Evaluate the integral from 0 to 1 of (8x)(sqrt(x^2+4))



I started out using trigonometric substitution. x=2tan(theta) and dx=2sec^2(theta)d-theta.

I then get the integral from 0 to 1 of (8(2tan(theta)))(2sec^2(theta)) d-theta

I get lost after there. How do I simplify that?

Thank you!

 

[stapel]

Evaluate the integral from 0 to 1 of (8x)(sqrt(x^2+4))

I started out using trigonometric substitution. x=2tan(theta) and dx=2sec^2(theta)d-theta.

Thank you for showing your work and reasoning!
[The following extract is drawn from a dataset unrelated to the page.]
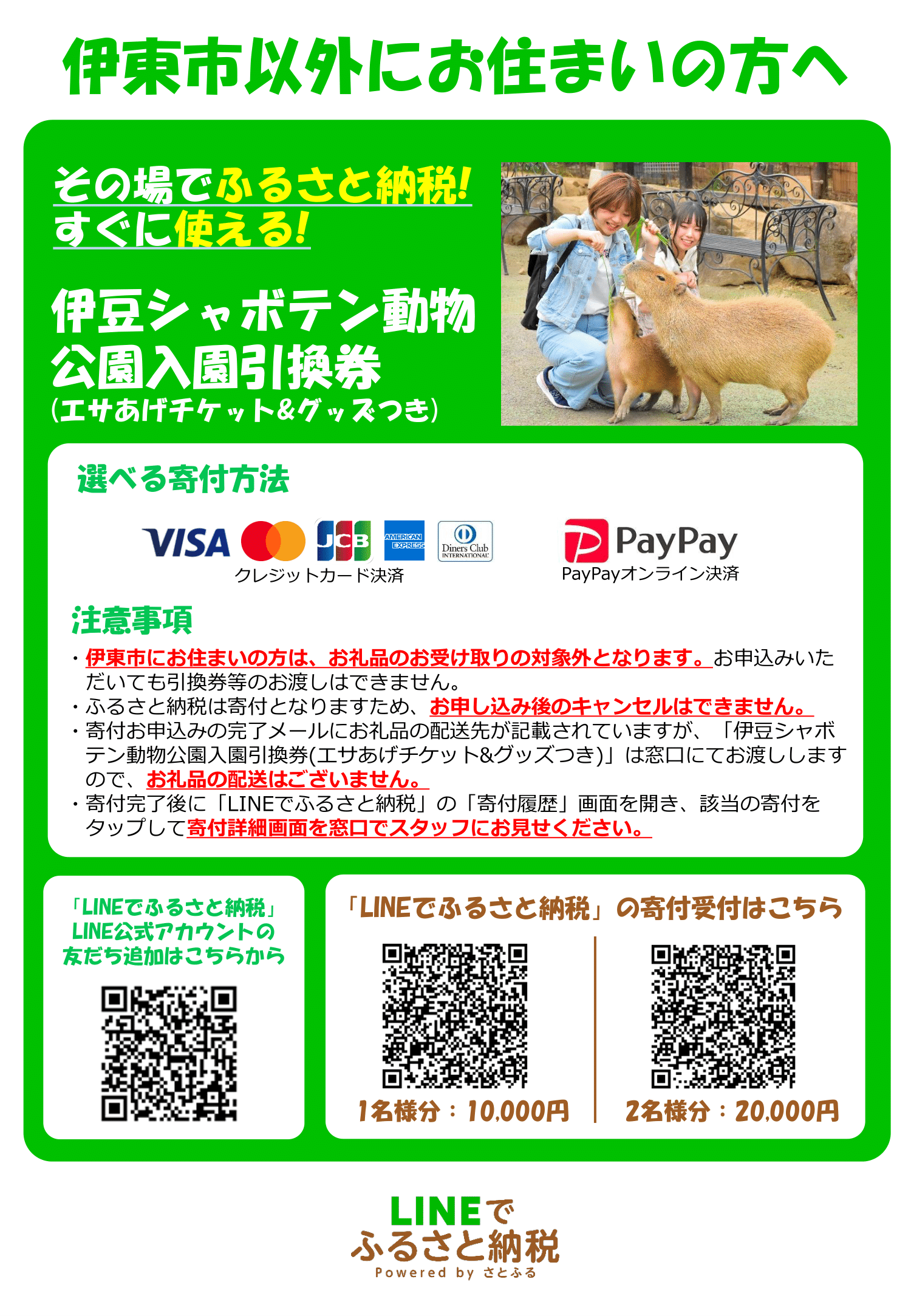 LINE株式会社(本社:東京都新宿区、代表取締役社長:出澤 剛)と、ふるさと納税ポータルサイト「さとふる」を運営する株式会社さとふる(本社:東京都中央区、代表取締役社長:藤井 宏明)は、LINEアプリを通じてふるさと納税が可能となる「LINEでふるさと納税 Powered by さとふる」(以下「LINEでふるさと納税」)において、現地を訪れた際に寄付申し込みをするとその場でアクティビティなどを楽しめる体験型ふるさと納税のお礼品提供を2022年9月22日より開始いたしましたのでお知らせいたします。また、同日より千葉県九十九里町「九十九里海釣りセンター」と静岡県伊東市「伊豆シャボテン動物公園」の2か所で寄付・利用できるようになるほか、今後、対象施設を増やしていく予定です。

But possibly you're overthinking this a bit...?

. . . . .\(\displaystyle \dfrac{d}{dx}\, \sqrt{x^2\, +\, 4\,}\, =\, \left(\dfrac{1}{2}\right) \left(\dfrac{1}{\sqrt{x^2\, +\, 4\,}}\right) \left(2x\right) \, =\, \dfrac{2x}{2\, \sqrt{x^2\, +\, 4\,}}\, =\, \dfrac{x}{\sqrt{x^2\, +\, 4\, }}\)

Can you see where to go with this?

 

[HallsofIvy]

Or, seeing that "\(\displaystyle x^2\,+\, 4\)" in the denominator and "\(\displaystyle x\, dx\)" in the numerator, let \(\displaystyle u\,=\, x^2\,+ \,2\) so that \(\displaystyle du\,= \,2x\,dx\) and \(\displaystyle 8x\,dx\,= \,4\,du\).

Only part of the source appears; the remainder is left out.